NCLEX-PN
NCLEX-PN Quizlet 2023
1. One drug can alter the absorption of another drug. One drug increases intestinal motility. Which effect does this have on the second drug?
- A. None; absorption of the second drug is not affected.
- B. The increased gut motility decreases the absorption of the second drug.
- C. The absorption of the second drug cannot be predicted.
- D. Less of the second drug is absorbed.
Correct answer: D
Rationale: When one drug increases intestinal motility, it accelerates the movement of the second drug through the system. Since most oral medications are absorbed in the intestine, the faster transit time decreases the absorption of the second drug. Therefore, less of the second drug is absorbed. Choice A is incorrect because the increased gut motility does affect the absorption of the second drug. Choice C is incorrect as the effect of increased intestinal motility on drug absorption can be predicted based on pharmacokinetic principles. Choice B is incorrect as increased gut motility would not increase but decrease the absorption of the second drug.
2. Following a thyroidectomy, a client is complaining of shortness of breath (SOB) and neck pressure. Which nursing action is the best response?
- A. Stay with the client, remove the dressing, and elevate the head of bed.
- B. Call a code, open the trach set, and position the client supine.
- C. Have the client say "EEE"? to check for laryngeal integrity.
- D. Immediately go to the nurse's station and call the physician
Correct answer: A
Rationale: Correct! The client is displaying signs of respiratory distress after a thyroidectomy. By staying with the client, removing the dressing around the neck, and elevating the head of the bed, the nurse can assess the airway and breathing status more effectively. This immediate action can help alleviate any potential airway obstruction. Choice B is incorrect because calling a code and opening the trach set without initial assessment and basic interventions may delay necessary actions. Choice C is incorrect as having the client say "EEE"? is not as immediate or effective in addressing the respiratory distress. Choice D is incorrect as leaving the client alone and calling the physician without providing immediate assistance can be detrimental in a situation of potential airway compromise.
3. A healthcare professional is assessing a patient in the rehab unit during shift change. The patient has sustained a TBI 3 weeks ago. Which of the following is the most distinguishing characteristic of a neurological disturbance?
- A. LOC (level of consciousness)
- B. Short-term memory
- C. Babinski sign
- D. Clonus sign
Correct answer: A
Rationale: Level of consciousness (LOC) is the most crucial indicator of impaired neurological function. Changes in LOC can signify various neurological conditions, including traumatic brain injury. Short-term memory, while important, is not the most distinguishing characteristic of neurological disturbances. Babinski and Clonus signs are specific neurological tests that can provide information about upper motor neuron lesions but are not as generalizable as changes in LOC for assessing overall neurological status.
4. A 32-year-old male with a complaint of dizziness has an order for Morphine via IV. What should the nurse do first?
- A. Check the patient's chest x-ray results.
- B. Retake vitals including blood pressure.
- C. Perform a neurological screening on the patient.
- D. Request the physician on-call to assess the patient.
Correct answer: B
Rationale: The correct first action for the nurse to take in this situation is to retake the patient's vitals, including blood pressure. Dizziness can be a sign of hypotension, which may be a contraindication for administering Morphine. Checking the chest x-ray results (Choice A) would not be the priority in this case as addressing the dizziness is more urgent. Performing a neurological screening (Choice C) may be important but not the first step when a patient presents with dizziness and an order for Morphine. Requesting the physician to assess the patient (Choice D) should come after the initial assessment and vitals retake.

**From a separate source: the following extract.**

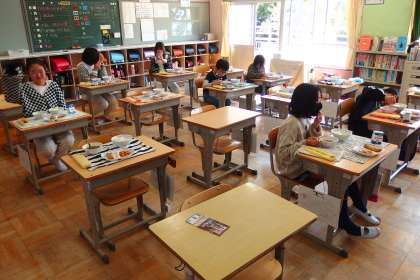 ここに写っていて先に食べている人たちは、給食の時間の後半に1年生のサポートに行ってくれます。

5. A client returns to the nursing unit post-thoracotomy with two chest tubes in place connected to a drainage device. The client's spouse asks the nurse about the reason for having two chest tubes. The nurse's response is based on the knowledge that the upper chest tube is placed to:
- A. Remove air from the pleural space
- B. Create access for irrigating the chest cavity
- C. Evacuate secretions from the bronchioles and alveoli
- D. Drain blood and fluid from the pleural space
Correct answer: A
Rationale: The correct answer is 'Remove air from the pleural space.' When a client has two chest tubes in place post-thoracotomy, the upper chest tube is typically positioned to remove air from the pleural space. Air rises, so placing the tube at the top allows for efficient removal of air that has accumulated in the pleural cavity. Choice B, creating access for irrigating the chest cavity, is incorrect as chest tubes are not primarily used for irrigation. Choice C, evacuating secretions from the bronchioles and alveoli, is incorrect as chest tubes are not designed for this purpose. Choice D, draining blood and fluid from the pleural space, is also incorrect as the upper chest tube in this scenario is specifically for removing air, not blood or fluid.